Mohamed Noh bin Rahman (born 2 August 1980) is a retired Singaporean footballer who played as a defender.

A cultured fullback, Noh Rahman's versatility means he can be employed in defence and in midfield for both club and country.

Club career
He has been with Geylang United since the second season of the S-League in 1997. He is considered the most senior player in terms of years spent with the club, and was the vice-captain for the squad.

He is a natural right-back, though he can also play in the defensive midfield, centre-back and left-back positions when the need arises.

He left Geylang in 2009 after 11 years with the club, citing his desire to seek new challenges, and joined Sengkang Punggol along with his former team-mates Aide Iskandar and Amos Boon.

International career
He made his debut for the national team in 2001, in a friendly against Thailand.

He first caught the eye in qualifiers in 2001 for the Korea/Japan World Cup.

Called up by then coach Jan Poulsen to help fill the gap left by the absence of the injured Lim Tong Hai when the veteran full-back sustained a long injury, he shone against the likes of Kyrgyzstan, Kuwait and Bahrain in the 2002 World Cup qualifiers with his intelligent passing and astute positioning.

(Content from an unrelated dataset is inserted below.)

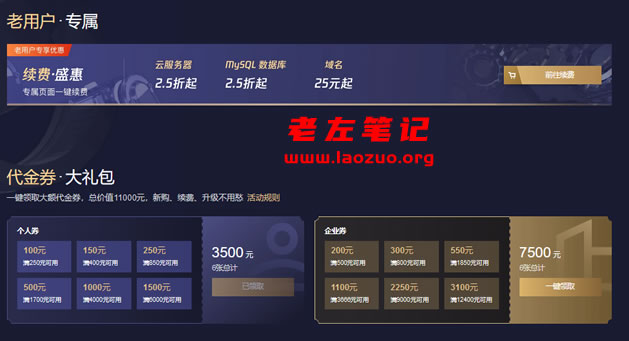 如果我们是老用户老产品需要续费的,可以参与到续费优惠,力度折扣是比较大的。同时,我们可以领取代金券用于续费升级和新购。

A debilitating knee injury left him out of sorts for the 2002 Tiger Cup, but he has shown signs of getting back to his best for the Lions.

However, having just recovered from a knee injury, he was rushed to play in the 2002 Tiger Cup opening group match against Malaysia and it came with debilitating consequences. He was out of sorts together with the whole Singapore back line and Singapore lost 4-0 at home as a result. As a result, many left fuming and doubting his ability at the international stage.

Noh was in the squads that won back-to-back titles in the 2004 Tiger Cup and the 2007 ASEAN Football Championship. His brave block to deflect a goal-bound effort away for a corner in the second leg of the 2007 Asean Football Federation Championship final against Thailand has earned him
cult hero status among the Lions' fans.

He was also praised by fans and the media for his excellent performances for the national side for the 2010 FIFA World Cup Qualifiers and its related friendlies.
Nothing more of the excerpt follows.